Attorney, Agent or Firm: Keating & Bennett, LLP
Claims
What is claimed is:
1. An electronic device comprising:
an electronic device element including first and second major
surfaces opposing each other in the thickness direction, and first
and second electrodes disposed on the first and second major
surfaces, respectively;
a conductive first resilient contact member and a first positioning
protrusion which are not electrically connected to each other, the
first resilient contact member and the first positioning protrusion
being in contact with the first major surface at respective
positions thereof separated from each other; and
a conductive second resilient contact member and a second
positioning protrusion which are not electrically connected to each
other, the second resilient contact member and the second
positioning protrusion being in contact with the second major
surface at respective positions thereof separated from each
other;
wherein the first resilient contact member and the second resilient
contact member are in resilient contact with the first and second
electrodes, respectively, so as to be electrically connected
thereto;
the first resilient contact member opposes the second positioning
protrusion with the electronic device element therebetween, and is
positioned toward the periphery of the electronic device element
from the second positioning protrusion; and
the second resilient contact member opposes the first positioning
protrusion with the electronic device element therebetween, and is
positioned toward an inner portion of the electronic device element
from the first positioning protrusion.
2. An electronic device according to claim 1, further comprising a
case that contains the electronic device element, the first
resilient contact member, and the second resilient contact member,
wherein the first positioning protrusion and the second positioning
protrusion are provided in said case.
3. An electronic device according to claim 1, wherein the
electronic device element is a positive thermistor element.

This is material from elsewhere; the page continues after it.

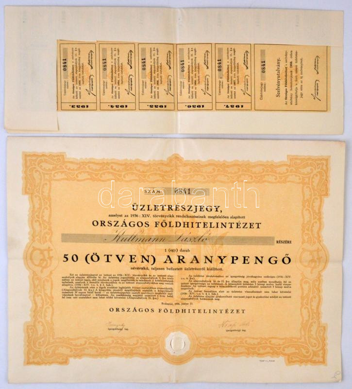 https://www.darabanth.com/en/271-Online-auction/271.0/Numismatics/Shares-and-Tickets~300005/Budapest-1936-Orszagos-Foldhitelintezet-1db-uzletreszjegye-50-aranypengorol-szelvenyekkel~II1373213
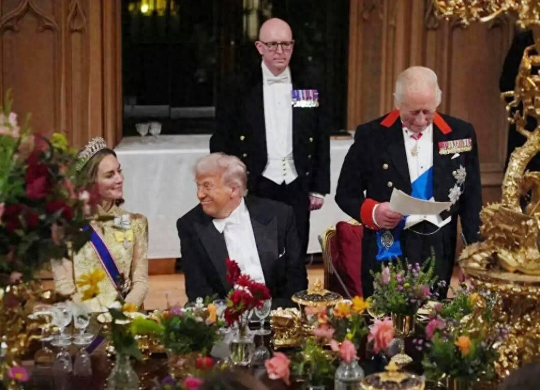 9 月 17 日的国宴,将这场 “奢华外交” 推向高潮。温莎城堡的宴会厅内,160 位宾客身着正装出席,长桌上摆放着银质烛台与王室珍藏的瓷器,天花板上的水晶灯折射出璀璨的光芒。

4. An electronic device according to claim 3, wherein the positive
thermistor element has a substantially disc-shaped
configuration.
5. An electronic device according to claim 1, wherein the case is
made of a high heat-resistive resin.
6. An electronic device according to claim 1, wherein the first
resilient contact member includes one of a stainless steel plate
and a copper-titanium plate.
7. An electronic device according to claim 1, wherein the second
resilient contact member includes one of a stainless steel plate
and a copper-titanium plate.
8. An electronic device according to claim 1, wherein the case
includes a case body and a case cover which are hermetically
connected to each other.
9. An electronic device according to claim 8, wherein the case body
includes a plurality of ribs located at the periphery of an open
surface of the case body and the case cover is arranged to mate
with the plurality of ribs at the periphery of an open surface of
the case cover.
10. An electronic device according to claim 8, wherein the case
body includes first and second positioning protrusions extending
upwardly from the bottom of the case body so as to position the
electronic device element in the case.
11. An electronic device according to claim 10, wherein the
electronic device element is positioned by being clamped by the
first and second positioning protrusions and the first and second
resilient contact members 32.
12. An electronic device according to claim 11, wherein the
electronic device element is spaced from walls of the case.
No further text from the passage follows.